Whole-genome analysis procedures such as genetic linkage mapping and genome sequence comparisons have increased our understanding of the genetic basis of various biological phenomena in fungi. Well-known examples include the development of spores in Pleurotus pulmonarius14 and the development of ectomycorrhizal symbiosis in Laccaria bicolor.15 Such whole-genome approaches have also shed light on the evolution of fungal pathogenicity,16,17 which has also been particularly true for Fusarium species such as Fusarium oxysporum, Fusarium verticillioides and Fusarium graminearum.18,19 The fact that the genomic data for these Fusarium species are in the public domain, and that a framework map is available for F. circinatum,20 therefore presents ideal opportunities to understand the genetic basis for pathogenicityin the pitch canker fungus.

The aim of this study was to sequence, assemble and annotate the genome of F. circinatum. In addition, we present a preliminary analysis of putative gene clusters that are unique to F. circinatum and we compare three loci of this genome with the genomes of three close relatives: F. oxysporum, F. verticillioides and F. graminearum (Figure 2). From a South African perspective, this study will have significant impact – not only because the pitch canker pathogen is the first eukaryotic organism for which the entire genome has been sequenced in Africa, but also because the project strongly promotes human capacity development in the field of genome sequencing on the African continent. Furthermore, data emerging from this sequence will promote many studies concerning the pathogen and potentially lead to innovating approaches to reduce the losses that the pathogen is causing in South Africa and elsewhere in the world.

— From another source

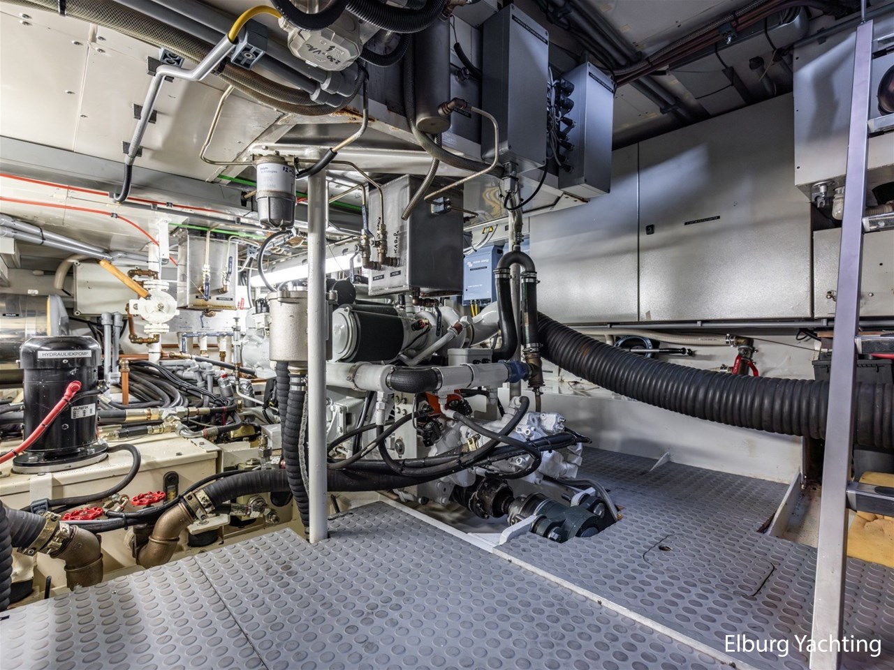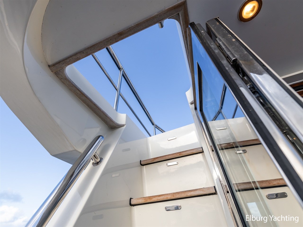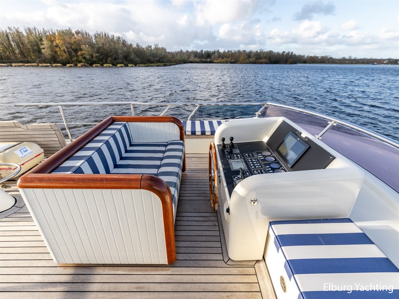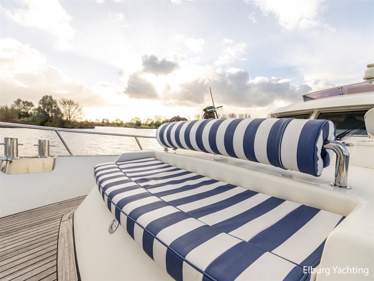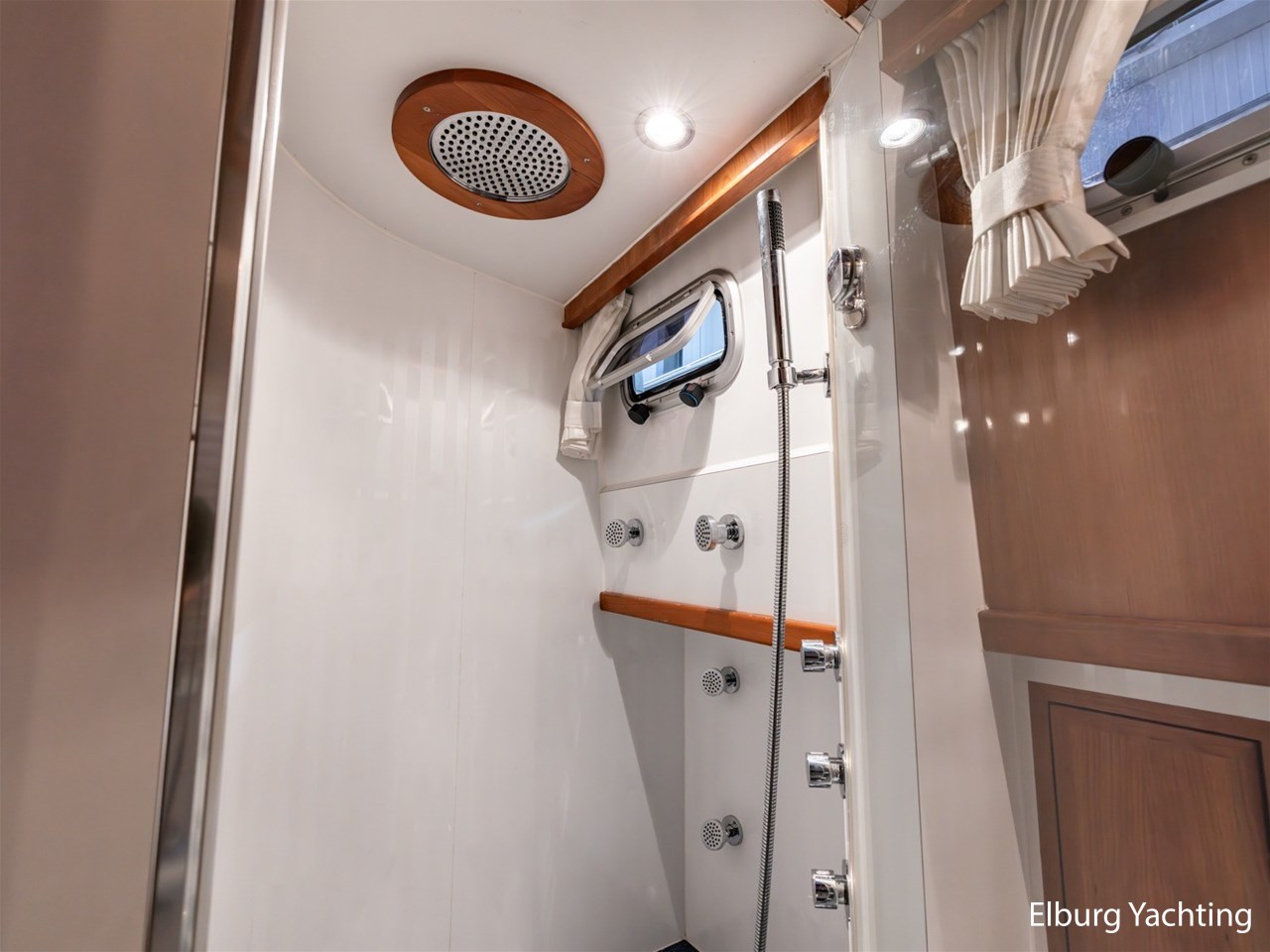 Het jacht beschikt over een hydraulisch uitklapbaar zwemplateau, waardoor deze wordt verlengt en de open kuip nog meer ruimte geeft, ze heeft daarnaast ook een luxe geïntegreerde zitbank op voordek, 4 x RVS sorades voor goede ventilatie in de boot, hydraulisch klapbare mast, 2 x zijdeur (ingang) + 1 x achteringang, luxe stuurstoel, meevaar-dinette naast stuurstand, RVS reling + RVS 'berghout rondom, 3 x dakluik, alle patrijspoorten kunnen open, Alcantrara plafonds, camerasysteem, veel bergruimte buiten, SB +BB elektrische kaapstander, buitenentree machinekamer, ook CV in machinekamer + opbergluik, groot opbergluik in open kuip.

FIGURE 1: Symptoms of pitch canker caused by Fusarium circinatum on Pinus radiata near Cape Town, South Africa: (a) dying trees in a plantation, (b) a dead branch in the crown of an infected tree, (c) stem canker resulting from infection of a pruning wound and (d) resin (pitch) impregnated wood.

FIGURE 2: Evolutionary relationships amongst the Fusarium species for which whole-genome sequence information is available.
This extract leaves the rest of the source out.